Police documents quoted a plainclothes officer as saying Craig was seated in a stall in the bathroom, and had made gestures consistent with someone "wishing to engage in lewd contact."

Craig allegedly tapped his foot, brushed his shoe against the officer's shoe and repeatedly waved his hand under the stall divider.

His political problems mounted on Tuesday, as the Republican Senate leadership asked the Senate ethics committee to consider whether Craig's conduct had broken any of the chamber's rules.

The senator, first elected in 1980, on Monday withdrew from his post as co-liaison to the Senate for the 2008 presidential campaign of leading Republican hopeful Mitt Romney.

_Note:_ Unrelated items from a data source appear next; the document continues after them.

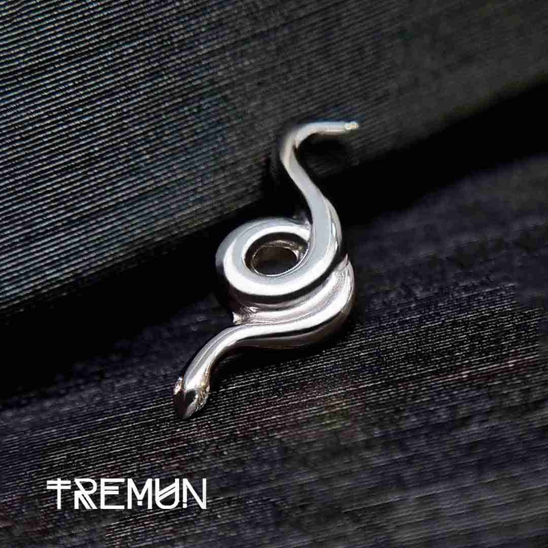 The Snake titanium stud with internal threading, a sophisticated design, is a sculptural construction made from implant-grade titanium F-136 that provides biocompatibility and durability. The snake’s undulating form gives it a slight twist, making it at once understated and impactful. As a 16G gauge, it’s perfect for more delicate types of piercings, such as nostril, helix, daith, or cartilage, that could utilize the elegance of that shape.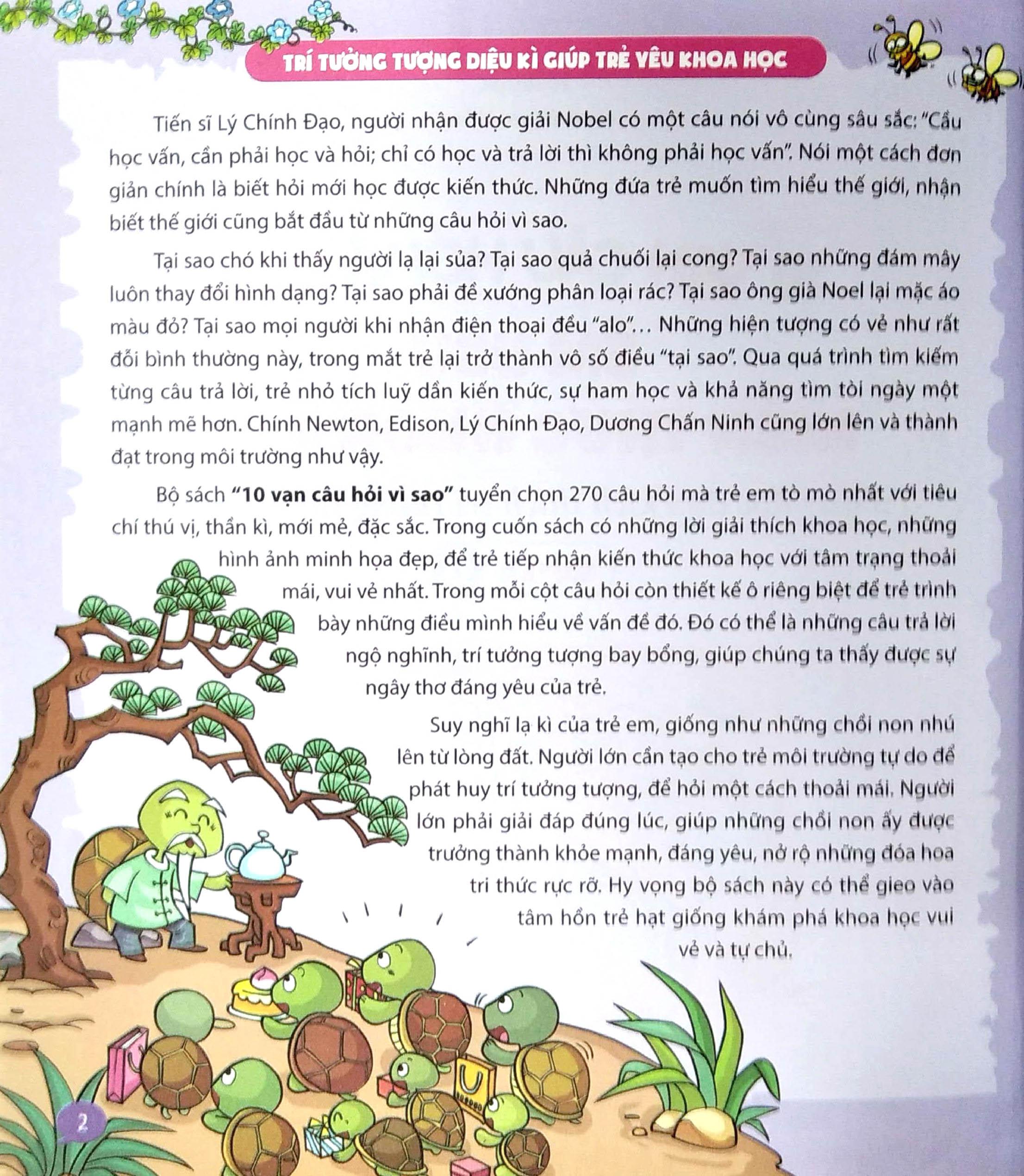 Mua tại Tiktok10 Vạn Câu Hỏi Vì Sao - Quyển 6: Em Yêu Kiến Thức Khoa Học Bộ sách tuyển chọn câu hỏi mà trẻ em tò mò nhất với tiêu trí thú vị, thần kỳ, mới mẻ, đặc sắc. Trong cuốn sách có lời giải thích khoa học , những hình ảnh minh họa đẹp, để trẻ tiếp nhận kiến thức khoa học với tâm trạng thoải mái, vui vẻ. Trong mỗi cột câu hỏi còn thiết kế ô riêng biệt để trẻ trình bày những điều m.ình hiểu biết về vấn đề đó . Đó có thể là những câu trả lời nghộ nghĩnh , trí tưởng tượng bay bổng , giúp chúng ta thấy đưuọc sự ngây thơ đáng yêu của trẻ .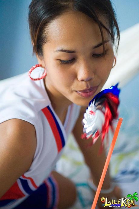 Lily Koh: Petite Asian cheerleader exposes tiny titties
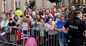 Doch bevor „Alle Farben“ gegen 10 Uhr an die Plattenteller tritt, steht an diesem Abend vor allem – aber nicht nur – für viele der kleineren Besucherinnen und Besucher ein wichtiger Termin auf dem Programm: die Ankunft der großherzoglichen Familie und vor allem von Großherzog Henri in der Hauptstadt sowie der traditionelle Fackelzug. Gespannt wartend und Fähnchen in Rot-Weiß-Blau schwenkend, stehen deshalb zahlreiche Menschen kurz vor 21.30 Uhr bei der in der rue Notre Dame nahe der Kathedrale errichteten Ehrentribüne.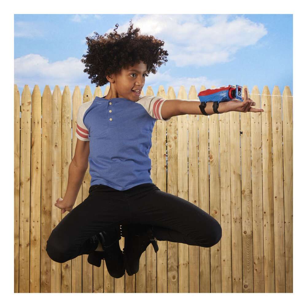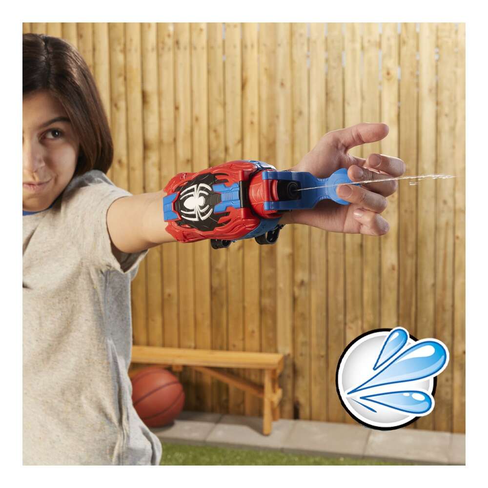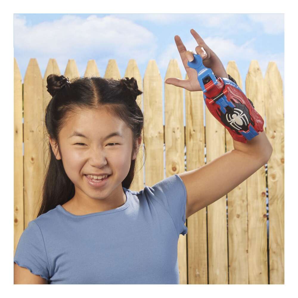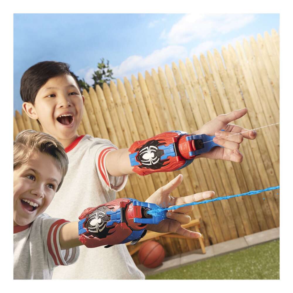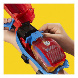 Ready to THWIP and blast realistic webs, just like Spider-Man? The Ultimate Web Blaster features an innovative web fluid that turns into a gel-like webbing you can play with! This blaster features the latest web tech with 3 ways to play. Kids ages 5 and up can strap blaster onto their wrist, show off their best Spider-Man THWIP pose, and push button to blast webs or water! Play with webs to imagine capturing Spider-Man's latest foe; drape around action figures or playsets (sold separately) to create your own webtastic world of Spider-Man! Blaster includes 1 Real Webs pouch (refills available, sold separately), and 1 refillable water pouch. The Ultimate Web blaster is a great Spider-Man gift for boys and girls, and can be a fun, action-packed addition to Spider-Man costumes, or paired with a Spider-Man mask! WARNING: Small parts. CAUTION: Do not aim at eyes or face. Product will stain. Adult supervision recommended. Not intended to be eaten. Not recommended for indoor use. Non-toxic. © 2024 MARVEL. © 2024 Hasbro. All rights reserved.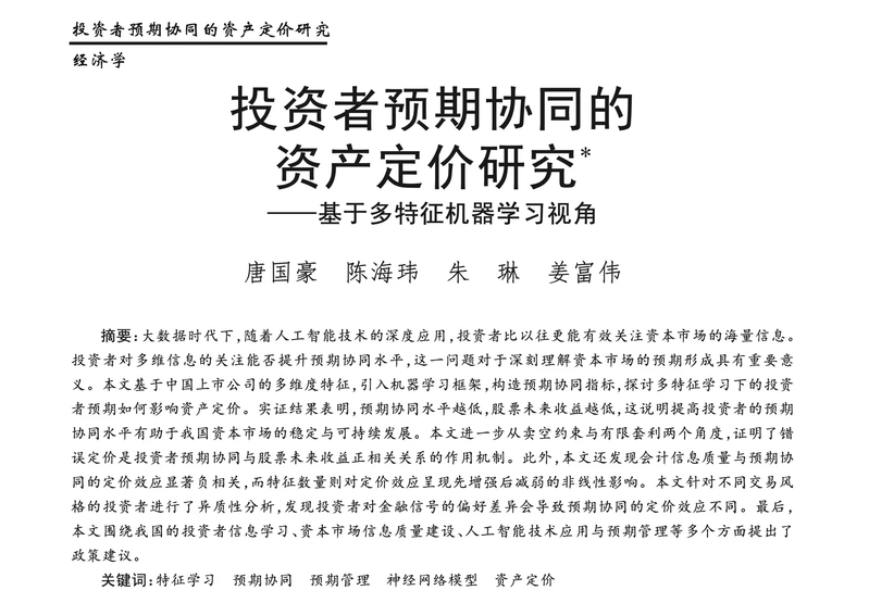 大数据时代下,随着人工智能技术的深度应用,投资者比以往更能有效关注资本市场的海量信息。投资者对多维信息的关注能否提升预期协同水平,这一问题对于深刻理解资本市场的预期形成具有重要意义。本文基于中国上市公司的多维度特征,引入机器学习框架,构造预期协同指标,探讨多特征学习下的投资者预期如何影响资产定价。实证结果表明,预期协同水平越低,股票未来收益越低,这说明提高投资者的预期协同水平有助于我国资本市场的稳定与可持续发展。本文进一步从卖空约束与有限套利两个角度,证明了错误定价是投资者预期协同与股票未来收益正相关关系的作用机制。此外,本文还发现会计信息质量与预期协同的定价效应显著负相关,而特征数量则对定价效应呈现先增强后减弱的非线性影响。本文针对不同交易风格的投资者进行了异质性分析,发现投资者对金融信号的偏好差异会导致预期协同的定价效应不同。最后,本文围绕我国的投资者信息学习、资本市场信息质量建设、人工智能技术应用与预期管理等多个方面提出了政策建议。

Romney on Tuesday linked Craig's conduct with former president Bill Clinton's affair with a White House intern, as examples of public officials falling short of standards expected of them.

"Frankly it's disgusting," Romney told CNBC.

"He is no longer associated with my campaign ... I am sorry to see that he has fallen short."

Craig's record includes a series of votes against gay rights, and his support of a 2006 amendment to the Idaho Constitution that bars gay marriage and civil unions.